Oh wouldn't that be wonderful?

Then I have to write off a note on religion for my friend David because he is apparently "intrigued" by my views on religion, so that will take some time to actually sit down and organize so it makes sense.  I mean, I'm not sure if you've noticed but my mind isn't a very clean, organized place.  Nope, not at all.

But no really...don't people have to like go to work soon?  Bah.  I hate people!  And I hate Top 40's Stations.

And I hate Anne Boleyn.

-Syetlana

Saturday, May 1, 2010

Just A Small Town Girl

Actually, I'm not entirely sure what I technically "am". I mean, I lived in small towns in North Carolina and Nebraska, but in Pennsylvania I lived on the outskirts of Pittsburgh. Even here in Washington, the "small town" I live in is influenced heavily by nearby Seattle. I love the city with all its commotion and noise. I love the small town with its laid back attitudes and easy pace.
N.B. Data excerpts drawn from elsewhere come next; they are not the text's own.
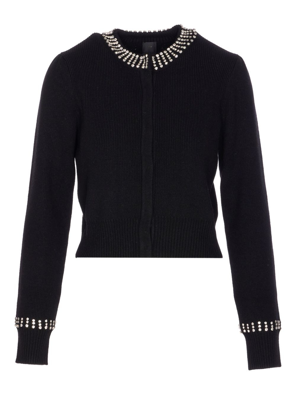 embellished cardigan Highlights - Black - Embellished neck and sleeves - Ribbed knit - Long sleeves - Button front Imported Composition Nylon 48%, Viscose 27%, Wool 20%, Cashmere 5% Washing instructions Read Manufacturer Guidelines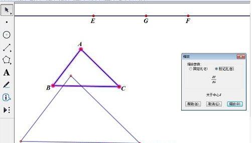 缩放三角形。依次选中点E、G、F,执行“变换”—“标记比”命令,将EF/EG设为标记比。同时选中△ABC的三条边和三个顶点,执行“变换”—“缩放”命令,打开缩放对话框,单击缩放按钮,得到新三角形A’B’C。
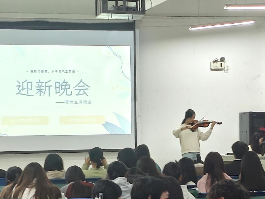 此次晚会以舞蹈《随波逐流》精彩启幕,节目形式丰富多样、内容充实饱满,充分彰显了学子们的青春活力。 歌曲表演中,《七月上》清新悠扬、《鹿befree》励志向上,同学们以扎实唱功传递真挚情感;舞蹈节目精彩纷呈,《舞蹈串烧》活力满格、《猪猪侠》童趣盎然,将现场气氛推向了高潮。此外,小提琴独奏的悠扬旋律涤荡心灵,相声表演的幽默包袱妙趣横生,魔术《水消失木》的奇幻效果令人赞叹不已。最后,晚会在歌曲《李白》的婉转旋律中画上圆满句号。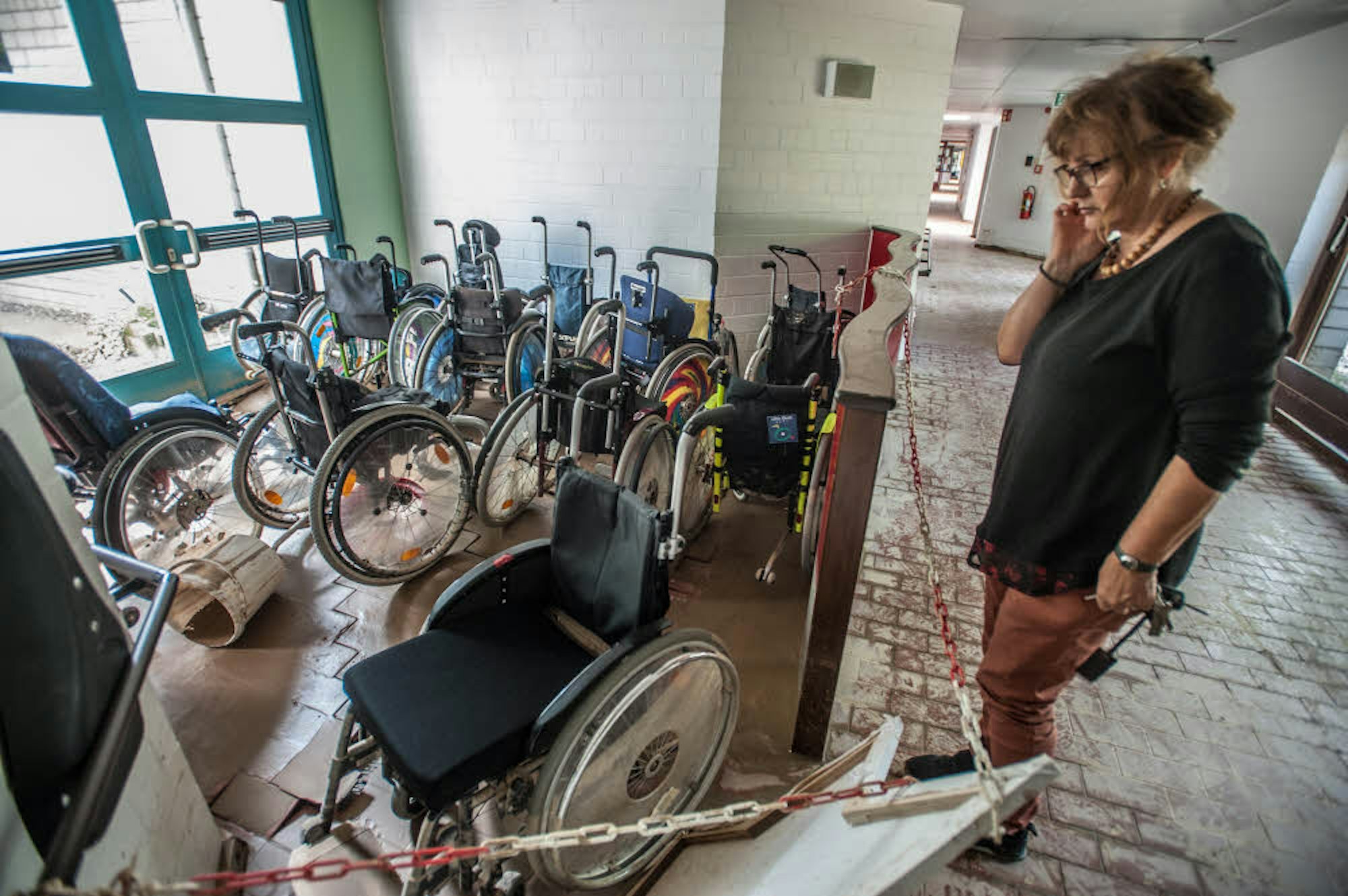 Millionenschaden: Rollstühle, Schwimmbad, Turnhalle und Klassenzimmer gingen in den Fluten des nächtlichen Starkregens unter.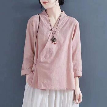 Tops informales de algodón y lino estilo chino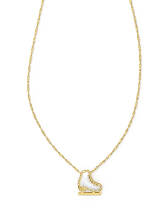ICE SKATE SHORT PENDANT NECKLACE GOLD WHITE MOTHER OF PEARL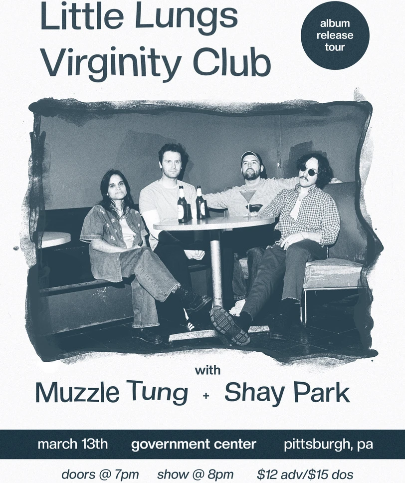 Little Lungs / Virginity Club (Album Release Tour) with Muzzle Tung + Shay Park Little Lungs & Virginity Club album release tour stop in Pittsburgh with Muzzle Tung and Shay Park. Concert Saturday, March 14, 2026 at 12:00 AM The Government Center Presale: $12 Door: $15 The Government Center Indiepop Alternative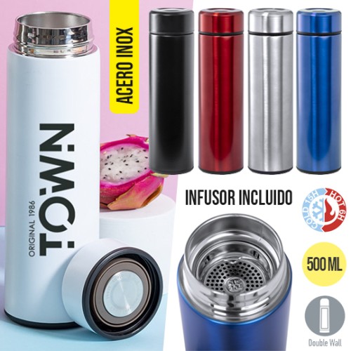 Termo en acero inox de 500ml de capacidad. Con doble pared para mejor y más duradera conservación de la temperatura. Infusor incluido y sistema de apertura fácil a rosca. Disponible en variada gama de colores y presentado en atractiva caja de diseño. 500 ml. Infusor Incluido

But, as the next line of the song goes, I definitely feel as if I'm living in a lonely world. Not lonely enough that I would completely consider if akin to solitary confinement though. Sometimes people come through. Sometimes they even stay awhile. And then something in their life calls them away...

So I just really want me to be the something in someone's life that calls to them. Gah, how utterly sappy of me. I should stop reading shoujo manga...

In other news...I am incredibly happy and content. I got the boy and that's all I could want right now. Sure we've had a few misunderstands and minor things we had to deal with but for the first time I have a boyfriend who can act like an adult. And I don't have to explain to him where Haiti is. Life, is good =3

Tuesday, April 13, 2010

Black Hole

I'm not entirely sure how much more sitting in the background I can take. I feel my entire life so far has been like watching everything unfold on television. I feel like a failure. I can't hold onto anything for long. I can't keep to what I say I'm going to keep to.

I make goals I never reach.

On the turning of the year, I said I'd do things for myself. That for once in my life, I would thinking of myself FIRST and everything else would follow second. But I haven't. While I haven't been miserable per say, I've been fairly unhappy. I feel like I'm stopped in place and everything is moving around me so quickly. Things are happening and I don't have a voice in any of it. I never did and I never will.

And I like him more than I said I did. I'll never let on how much he means to me, and instead I'll be there when he needs me because he's busy being bummed out that his best friend who he has fallen for won't leave her boyfriend for him.

I'm always helping pick everyone else up....but no one wants to help me.